100m, Hengelo, May 24

Any doubts of the sometime heptathlete’s ability to specialise were blown away when the Dutchwoman ran a national record 10.94 in the 100m in Hengelo. It was a sign of more to come: she broke her 100m best on three further occasions in 2015, lastly at the Beijing world champs on her way to silver in 10.81.

200m, Beijing, August 28

Everyone expected a thriller of a race, but few predicted the fireworks that went off in the 200m final in the Bird’s Nest. Like a tulip peaking through in early spring, Schippers burst from a tight pack when she hit the straight to take gold in 21.63 – the fastest any woman has run in a generation.

Genzebe Dibaba

5000m, Stockholm, February 19

Last year Dibaba set three indoor world records within the space of a fortnight. This season, perhaps with an eye on the outdoors, the Ethiopian's indoor schedule was much reduced. Yet she still found time to squeeze in a world record, running a 14:18.86 5k in the same venue she broke the 3k record 12 months and 12 days earlier.

1500m, Monaco, July 17

Dibaba shook off her reputation as an indoor only athlete on a sparkling night of athletics in the Stade Louis II. Assisted by the on-point pacing of Chanelle Price, she smashed the unsmashable, running a 3:50.07 1500m to break a 22-year-old world record. Simply wow.

1500m, Beijing, August 25

That she would have the legs was never a doubt, but some pondered how Dibaba would cope going for a first major champs medal outdoors. She proved she can out think the best as well as outkick ‘em, racing away from the pack to win gold, spinning her arms like a slender windmill as she crossed the line.

Anita Wlodarczyk

Wrocław, June 27

When is a world record not a world record? When it can’t be ratified, that’s when. Anita Wlodarczyk threw her hammer out to 79.83m in an exhibition in Wroclaw, but it was recorded as an “irregular mark” (apparently because it was over a river) and counted for nothing in official statos' logbooks. But it counts in our log book. With two world leads already under her belt, it was another show of strength that rattled her rivals and pointed towards the season-long domincance that the Pole would sustain.

Cetniewo, August 1

This one would count: 81.08m to obliterate the previous best by a metre-and-a-half.

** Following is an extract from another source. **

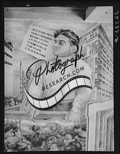 Title: Detail of mural painted by Ben Shahn at the community building. Hightstown, New Jersey

When you unleash a good one you just know, and Wlodarczyk knew here as she celebrated with the hammerball still cart wheeling through the air and beyond the 80m-mark for the first time in history.

Beijing, August 27

Not so much a battle won but a coronation well-exectued. Four of Wlodarczyk’s five legal throws would have won the gold, with her 80.85m best mark a championship record and the second furthest ever thrown by a woman. A worthy way to win her title.